Effect of electric field on carrier escape mechanisms in quantum dot intermediate band solar cells

Abstract

Carrier escape and recombination from quantum dot (QD) states reduce the probability of two-step photon absorption (TSPA) by decreasing the available carrier population in the intermediate band (IB). In order to optimize the second photon absorption for future designs of quantum dot embedded intermediate band solar cells, the presented study combined the results of simulations and experiments to quantify the effect of electric field on the barrier height and the carrier escape from the QDs in InAs/GaAs quantum dot solar cells with five-layer QD superlattices. The electric field dependent effective barrier heights for ground state electrons were calculated using eight band k·p theory at short circuit conditions. With an increase in electric field surrounding the QDs from 5 kV/cm to 50 kV/cm, the effective barrier height of the ground state electrons was reduced from 147 meV to 136 meV, respectively.
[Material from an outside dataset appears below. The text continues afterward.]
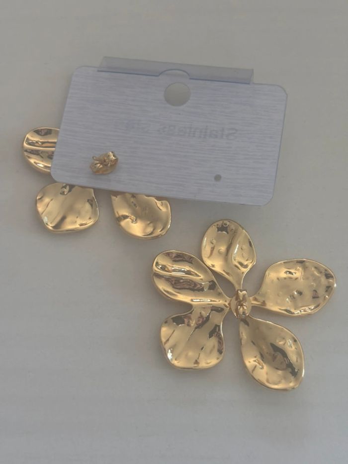 Boucles d’oreilles fleurs grand taille acier inoxydable doré - photo numéro 1

Thus, the increasing electric field not only exponentially enhances the ground state electron tunneling rate (effectively zero at 5 kV/cm and 7.9 × 106 s−1 at 50 kV/cm) but also doubles the thermal escape rate (2.2 × 1011 s−1 at 5 kV/cm and 4.1 × 1011 s−1 at 50 kV/cm). Temperature-dependent external quantum efficiency measurements were performed to verify that the increasing electric field decreases the effective barrier height. Additionally, the electric field dependent radiative lifetimes of the ground state were characterized with time-resolved photoluminescence experiments. This study showed that the increasing electric field extended the radiative recombination lifetime in the ground state of the QDs as a consequence of the reduced wave-function overlap between the electrons and holes. The balance of carrier escape and recombination determines the probability of TSPA.